Other research in improving silkworm silk has involved genetically engineering silkworms with spider genes to produce silk with more desirable properties.
Lin’s group wanted to use commercialised mulberry silkworms (Bombyx mori) because they’re more accessible and easily managed, but natural silkworm fibre is made of a core wrapped by a silk glue which interferes with the spinning of the fibres for commercial purposes.
The team determined the best method to dissolve the glue, while also minimising the degradation of the silk proteins, by boiling it in a special bath of chemicals. Then, to solidify the silk back into continuous fibres, they tested the silk proteins in baths containing different metals and sugars to find the method that produced the best rate of fibre formation.
The best coagulation bath contained two metal ions – Zn2+ and Fe3+ – with 6% sucrose at room temperature.

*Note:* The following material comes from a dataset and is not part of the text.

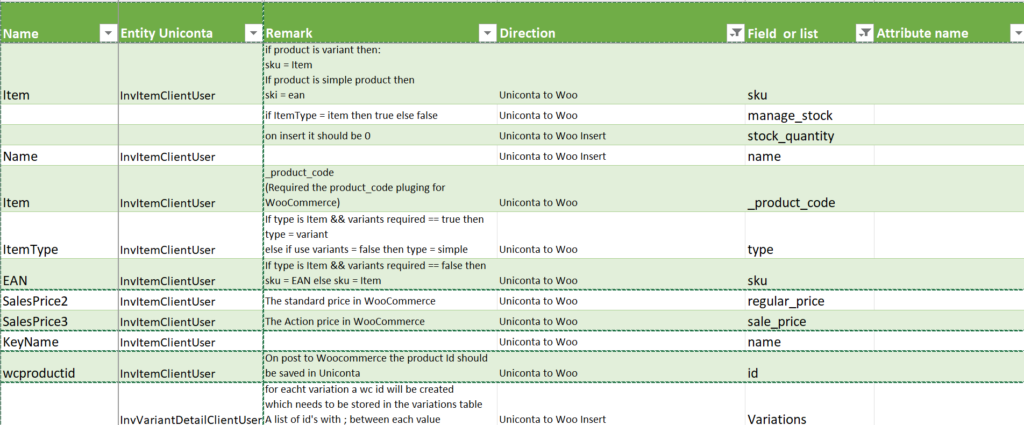 The standaard mapping die wordt gebruikt voor aanmaken Producten in WooCommerce Uniconta:

After the silks were manually spun and drawn, the diameter of the silk was reduced from 15 micrometres (μm) down to about 4-6μm – nearly the same diameter as spider dragline silk (3-5μm).
Testing the mechanical properties of this silk revealed a tensile strength – the maximum stress that a material can withstand while being stretched or pulled before breaking – of 2000 MPa, which is more than 70% higher than that of spider dragline silks.
(Steel ranges from about 295 – 450MPa but depending on treatment can rise to 2400 MPa.)
The silk is also extraordinarily stiff, significantly more so than any known natural silks.
The authors say that the key to its excellent mechanical properties lies in its high crystallinity and the small nanocrystals that are formed in the artificial silk fibre. They also suggest that incorporating zinc metal ions (Zn2+) into the fibre may also be contributing to its strength.
“We hope that this work opens up a promising way to produce profitable high-performance artificial silks,” Lin says.